陈鳌了然。吃不饱饭,便什么事都做得出来。几两银子,就能买断一条人命,就能让父母亲手把自己的骨肉送上刑场。这就是底层百姓的命,在那个年代,轻如鸿毛,贱如草芥。

他回到书房,翻出关于“宰白鸭”的旧案,越看心越寒。漳州、泉州两府,每年这样的冤案竟不下百起,那些被宰的“白鸭”,最小的不过十二三岁,最大的也不过二十出头,都是些穷苦人家的孩子,为了几两银子,为了让家人能活下去,便成了权贵手中的牺牲品。

而那些官员,要么是真糊涂,被口供蒙蔽了双眼;要么是装糊涂,收了有钱人的好处,睁一只眼闭一只眼。毕竟,清朝断案,讲究“罪从供定”,只要犯人认了罪,案子就算定了,谁也不会去深究证据,谁也不会去管那犯人是不是真的冤屈。

官官相护,钱能通神,这就是大清的司法,这就是底层百姓的地狱。

陈鳌越想越气,一拍桌子,桌上的茶杯震得哐当响。他为官数十载,自问对得起天地良心,对得起身上的官服,绝不能看着这样的冤案在自己眼皮底下发生,绝不能让一个无辜的孩子,就这样枉死。

“来人,”陈鳌喊来衙役,“备轿,去漳浦县大牢,我要亲自提审林阿生。”

此时的漳浦县大牢,阴冷潮湿,霉味和血腥味交织在一起,呛得人喘不过气。林阿生被关在最角落的牢房里,四壁漏风,冷雨从缝隙里钻进来,打在他的身上,冻得他瑟瑟发抖。

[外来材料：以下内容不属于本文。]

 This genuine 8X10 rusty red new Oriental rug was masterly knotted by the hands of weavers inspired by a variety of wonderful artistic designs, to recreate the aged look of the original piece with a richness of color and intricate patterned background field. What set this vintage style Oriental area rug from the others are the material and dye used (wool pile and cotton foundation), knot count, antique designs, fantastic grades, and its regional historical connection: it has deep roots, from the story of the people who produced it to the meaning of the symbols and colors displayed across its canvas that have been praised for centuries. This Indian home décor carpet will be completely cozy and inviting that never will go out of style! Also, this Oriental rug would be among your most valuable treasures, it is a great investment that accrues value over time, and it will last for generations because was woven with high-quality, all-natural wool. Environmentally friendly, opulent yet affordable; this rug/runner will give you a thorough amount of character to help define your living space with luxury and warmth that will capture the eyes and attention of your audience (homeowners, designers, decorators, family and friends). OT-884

他蜷缩在草堆里,草堆里满是虱子和跳蚤,咬得他浑身发痒,可他却连抬手挠一下的力气都没有。他的脑子里,反复回荡着爹娘的话,还有那知县李大人冰冷的眼神。

“阿生,你就认了吧。那李家给了我们五十两银子,有了这银子,你弟弟妹妹就能活下去,就能吃上饱饭,就能穿上新衣服。”

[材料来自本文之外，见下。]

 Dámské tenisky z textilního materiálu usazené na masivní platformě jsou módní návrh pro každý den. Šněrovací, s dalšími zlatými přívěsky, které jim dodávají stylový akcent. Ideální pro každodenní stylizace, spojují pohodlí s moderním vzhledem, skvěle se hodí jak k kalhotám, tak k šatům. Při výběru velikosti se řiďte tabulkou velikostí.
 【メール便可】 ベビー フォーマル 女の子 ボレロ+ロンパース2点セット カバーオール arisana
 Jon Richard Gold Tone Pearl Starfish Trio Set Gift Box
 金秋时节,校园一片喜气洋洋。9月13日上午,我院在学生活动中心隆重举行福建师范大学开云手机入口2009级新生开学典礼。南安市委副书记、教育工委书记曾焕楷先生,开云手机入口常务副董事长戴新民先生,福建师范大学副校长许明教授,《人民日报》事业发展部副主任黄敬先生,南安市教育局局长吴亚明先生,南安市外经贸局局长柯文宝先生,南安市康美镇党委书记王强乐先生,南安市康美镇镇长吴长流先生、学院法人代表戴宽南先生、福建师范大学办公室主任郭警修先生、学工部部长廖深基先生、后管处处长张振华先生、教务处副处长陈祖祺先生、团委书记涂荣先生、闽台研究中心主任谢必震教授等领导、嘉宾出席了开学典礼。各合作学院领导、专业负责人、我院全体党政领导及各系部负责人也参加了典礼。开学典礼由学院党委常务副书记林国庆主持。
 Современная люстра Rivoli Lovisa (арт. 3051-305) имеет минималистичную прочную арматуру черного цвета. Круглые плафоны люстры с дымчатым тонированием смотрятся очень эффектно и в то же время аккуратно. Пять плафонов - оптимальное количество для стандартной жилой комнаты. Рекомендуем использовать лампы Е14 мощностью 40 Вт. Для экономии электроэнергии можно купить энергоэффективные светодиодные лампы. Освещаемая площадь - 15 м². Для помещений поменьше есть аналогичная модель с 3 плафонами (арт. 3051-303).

“你是哥哥,你该为家里做点牺牲。反正你这身子骨,也活不了多久,不如换点银子,让家人好好活着。”

“你要是敢翻供,敢说出实情,我们全家都得死!李家有的是钱,有的是势,能让你死无全尸,能让你弟弟妹妹活活饿死!”

爹娘的话,像一把把尖刀,狠狠扎在他的心上。五十两银子,就买断了他的一生,就把他推上了断头台。

他想起了弟弟妹妹,那个才三岁的妹妹,连一口白面馒头都没吃过,那个才五岁的弟弟,连一双完整的鞋子都没有。他是家里的老大,他该护着他们,可他没想到,自己护着他们的方式,竟是用自己的命。

他也想起了那个教他背口供的李家管家,那个满脸横肉的男人,捏着他的下巴,恶狠狠地说:“记住了,一字不差地背下来,要是敢说错一个字,就打断你的腿,让你爹娘跟着你一起受罪。”

他背了无数遍,背到口干舌燥,背到头晕目眩,背到连做梦都在说那些话。他知道自己是冤枉的,他从来没见过什么王虎,更别说杀了他。可他不敢说,不能说,他怕,怕李家的报复,怕爹娘的责骂,怕弟弟妹妹活不下去。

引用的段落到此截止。